COLLECTED DATA START

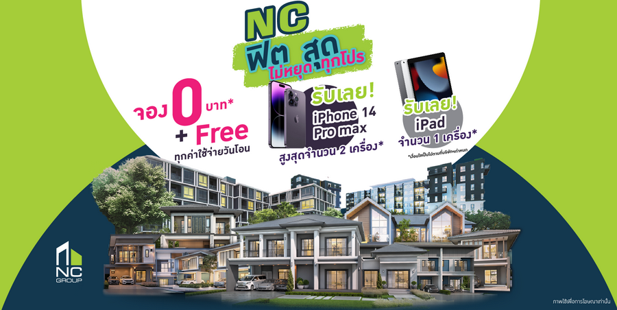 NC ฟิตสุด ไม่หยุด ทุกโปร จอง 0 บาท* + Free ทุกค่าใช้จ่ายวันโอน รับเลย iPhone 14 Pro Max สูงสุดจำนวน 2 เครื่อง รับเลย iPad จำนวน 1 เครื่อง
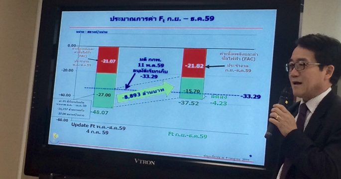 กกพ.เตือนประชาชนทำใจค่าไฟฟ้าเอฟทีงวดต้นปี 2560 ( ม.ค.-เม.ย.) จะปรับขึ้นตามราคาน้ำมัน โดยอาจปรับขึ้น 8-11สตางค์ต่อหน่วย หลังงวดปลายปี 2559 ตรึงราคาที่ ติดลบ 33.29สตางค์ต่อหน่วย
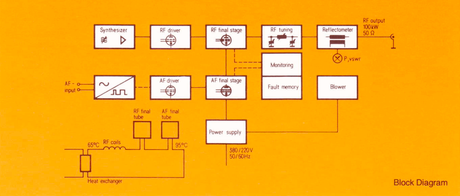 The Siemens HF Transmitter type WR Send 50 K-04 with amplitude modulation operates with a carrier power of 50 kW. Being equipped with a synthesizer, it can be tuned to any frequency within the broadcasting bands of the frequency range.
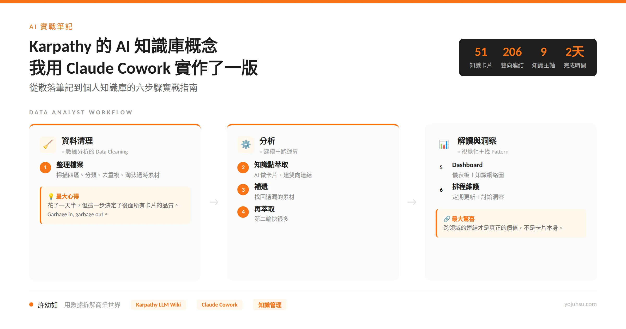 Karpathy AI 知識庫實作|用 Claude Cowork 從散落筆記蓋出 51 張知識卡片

COLLECTED DATA END

▸ **WHAT IS NEEDED**: A word-for-word copy of the listing is needed, with no pictures in it.

▸ **ANSWER SPACE**:
 NC ฟิตสุด ไม่หยุด ทุกโปร จอง 0 บาท* + Free ทุกค่าใช้จ่ายวันโอน รับเลย iPhone 14 Pro Max สูงสุดจำนวน 2 เครื่อง รับเลย iPad จำนวน 1 เครื่อง
 กกพ.เตือนประชาชนทำใจค่าไฟฟ้าเอฟทีงวดต้นปี 2560 ( ม.ค.-เม.ย.) จะปรับขึ้นตามราคาน้ำมัน โดยอาจปรับขึ้น 8-11สตางค์ต่อหน่วย หลังงวดปลายปี 2559 ตรึงราคาที่ ติดลบ 33.29สตางค์ต่อหน่วย
 The Siemens HF Transmitter type WR Send 50 K-04 with amplitude modulation operates with a carrier power of 50 kW. Being equipped with a synthesizer, it can be tuned to any frequency within the broadcasting bands of the frequency range.
 Karpathy AI 知識庫實作|用 Claude Cowork 從散落筆記蓋出 51 張知識卡片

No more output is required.